Fernando (23:55): Can I ask tenanted based on what?
Mike (23:58): Oh, so the tenant, the tenant is just a string. It’s just a name.
Fernando (24:05): Oh my god, of course.
Mike (24:06): And the name is used by default. The name is used, I’ll tie it together in a minute, the name is used by default for the subdomain that you’re going to go to. So fu.writebook.com, the tenant is going to be fu.
Fernando (24:19): Yeah.
Mike (24:20): And then the database name on disk is also going to be fu.
Fernando (24:24): Of course.
Mike (24:24): So that’s how, again, the network layer and the database layer get tied together because we’ve named them the same thing here. And so at the database level, this is our database config. What we’ve had to do is change the name of the database, the path where it used to be storage/db/development. It’s now storage/… oh, I’ve got this little percent tenant in here. So, if you’re familiar with printf() this is just a format specifier that at runtime is going to be replaced with the name of the tenant. And I have to do that for all of our environments, so development, test and production is the same change. And then I have to make sure that when I actually hit in development, I hit a host that it has a wild card where I can hit any host I want. So lemme show you how this actually works.
(25:20): It might be a little bit easier. So I’m going to start off from scratch. I’ve deleted all the databases. I’m going to start up the server and it’s going to say, if I try to go to writebook.localhost, it’s going to give me an error and it’s going to say, oh, well, I can’t connect to a tenanted database while you’re untenanted. So it’s telling me that I’m untenanted because I haven’t provided that subdomain. So if I go and I do mike.writebook, it’s not going to say, ah, tenant not found Mike. Very cool.
(25:58): So if I go to the console, the Rails console, and I say application record, and that was the class that had tenanted added to it. It’s our base class. Create tenant, fubar. So what it just did was it just created the database and it applied all of the schema migrations. And now that database is live on disk. If I go and I look in find storage, here’s now a database called fubar db.development.sqlite. If I go here instead of Mike I now go to fubar, it’s going to kick me into the first run and prompt me to enter everything. So I could be like, oh, my name is Mike, my fake password, right? What it’s going to do now is it’s booting up the database, loading up the initial, oh, it didn’t do it. Hang on, because my password wasn’t long enough. There we go.

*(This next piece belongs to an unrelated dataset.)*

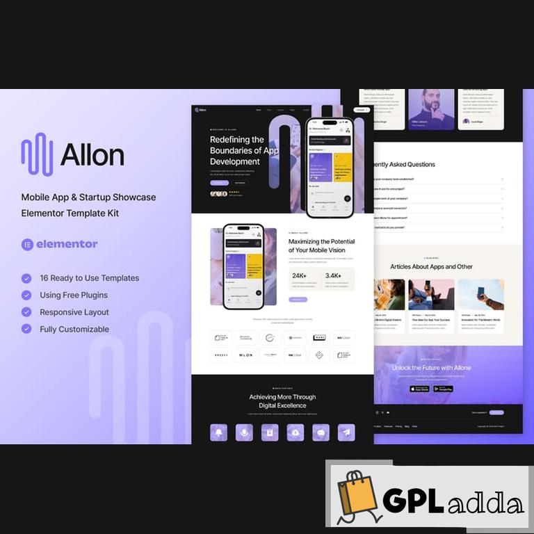 Allon – Mobile App & Startup Showcase Elementor Template Kit (NOT a WordPress Theme) created especially for Mobile App, Application, Download, Startup, Social Media, Agency, or any type of business who wants to publish the services in a professional way. Allone has a simple, modern and clean design with 100% responsive layout, and very easy to customize and can be used by anyone without having to understand coding. This template kit includes stunning carefully crafted 12 Pages and 16 Stunning Templates, you can build your professional-looking website just a click away.
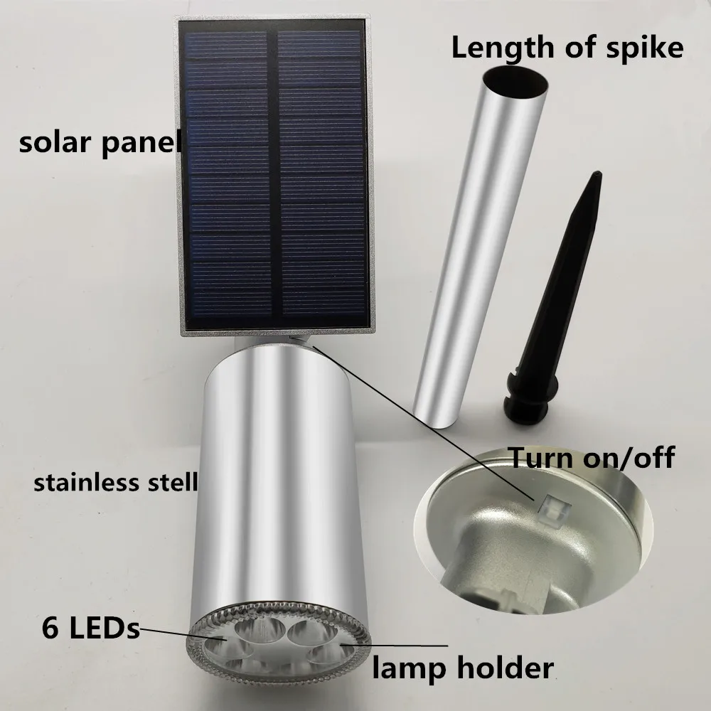 Батарея: 3,7 V 18650 Светодиод: 6 шт. SMD Время работы: 6-10 часов Выход: 30/50 люмен два уровня Диапазон датчика: 90 градусов и 4 ~ 6 метров расстояние Материал корпуса: нержавеющая сталь + пластик Гарантия: 1 год Светильник Цвет: белый/теплый белый/холодный белый Особенности: 1. Регулируемый светильник и солнечная панель-угол солнечного точечного светильник и солнечная панель можно отрегулировать, чтобы получить идеальный угол освещения и лучший эффект солнечной зарядки 2. Водостойкий-IP65 Водонепроницаемый, подходит для освещения подъездных путей, дорожек, тротуаров, газонов, садов, солнечных огней Aptoyu на открытом воздухе, легко справляется со всеми видами погоды. 3. Нержавеющая сталь-более прочный, чем материал ABS

(27:04): Now it’s going to work. Ah. So now I’ve got the Writebook manual, which is by default this gets added. And if I look at what’s in storage now, you’ll see this is not great. Tree…. right? You can see that now I’ve also got all my active storage files are being stored in a directory called fubar as well, like automatically, because I mentioned I think that all of the blob keys get the tenant slash added to the front of them, which turns into on disk, I’ve now got a directory that has all of the fubar tenants images from this document.
Fernando (27:44): This is super cool.
Mike (27:46): Thank you. That’s great to hear.
Fernando (27:47): Is this a new default for, should this be the new default for Rails? It feels like a straight up improvement.
Mike (27:53): I would love for this to land in Rails. I feel like it’s got to actually be running somewhere in production first.
Fernando (28:00): No, no, no, of course, of course, of course. But the concept…
Mike (28:02): My plan, my dream is this would get upstream into Rails because it’s additional, if you don’t want it…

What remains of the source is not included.